Which festival was that Josh?


----------



## lukiep8 (8/1/10)

To be honest, they didn't spend a lot on the website. It's terrible. Looks like they are scamming for money.


----------



## AussieJosh (8/1/10)

It was at the Arkaba at the top! It was on a Sunday for four hours. First time i went was last year but i think its been going for 3 years?


----------



## BrenosBrews (8/1/10)

Why don't WABA organise something like the Vic Microbrewery showcase? $25, 20 samples & a 5 dollar food voucher for Beer Deluxe. Pretty much every Victorian microbrewery is there and some have limited/seasonal releases. I haven't been to them all but the ones I have been to all seem pretty civilised.


----------



## Polar Beer (8/1/10)

bloody hell. I've just finished reading those blogs.
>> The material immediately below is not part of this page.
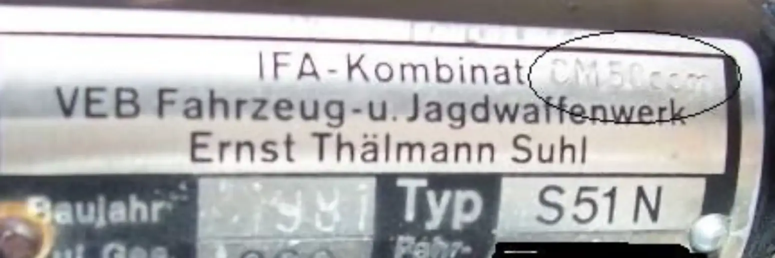 Der obere Bereich fehlt, wo bei Exportfahrzeugen manchmal 50ccm eingeschlagen war.
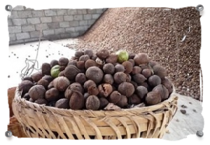 Nach etwa 4 Wochen schickt man die Helfer los und von Hand werden die Früchte gesammelt und zur Produktion gebracht (sehr abenteuerlich in China, mit Körben, Säcken, Handkarren, klapprigen Pickups oder auf dem Fahrrad werden die Nüsse transportiert und das alles ohne TÜV).

Rarely do you see anything get such consistent feedback. It must have been truly rubbish. 

The people that run this 'lucky shag' place (great name) wont be able to get the smile off thier face.


----------



## jonocarroll (8/1/10)

AussieJosh said:


> It was at the Arkaba at the top! It was on a Sunday for four hours. First time i went was last year but i think its been going for 3 years?


Will be keeping an eye on this one for sure! Let us know if you remember the name, or hear of it's approach again.

Edit: Found it! Okay Perth... this is how it's done:



tastebeer.com.au said:


> This year the Arkaba Beer Fest will showcase over 50 local and international craft beers, in the top room of the Arkaba Hotel.
> Entry is $20 preasale at Arkaba Reception, 150 Glen Osmond Rd Fullarton Adelaide SA, 83381100 or $25 on the door
> Sunday Nov 22 11-4
> 
> ...


Not the greatest venue or range (although the three moo samples are probably worth the ticket price over a bar), but a helluva lot better than the Shitzenface.

Quite a wait till the next one I'll guess. I'll hopefully give it a go.


----------



## HoppingMad (8/1/10)

QuantumBrewer said:


> Adelaide Shitzenfest now have plasic steins, which I can assure you do not rock. I went the last year that they had glass steins (still got it too) and I can certainly think of better ways to bide my time than standing in the full sun in a dustbowl for 45 minutes waiting for an overpriced Coopers.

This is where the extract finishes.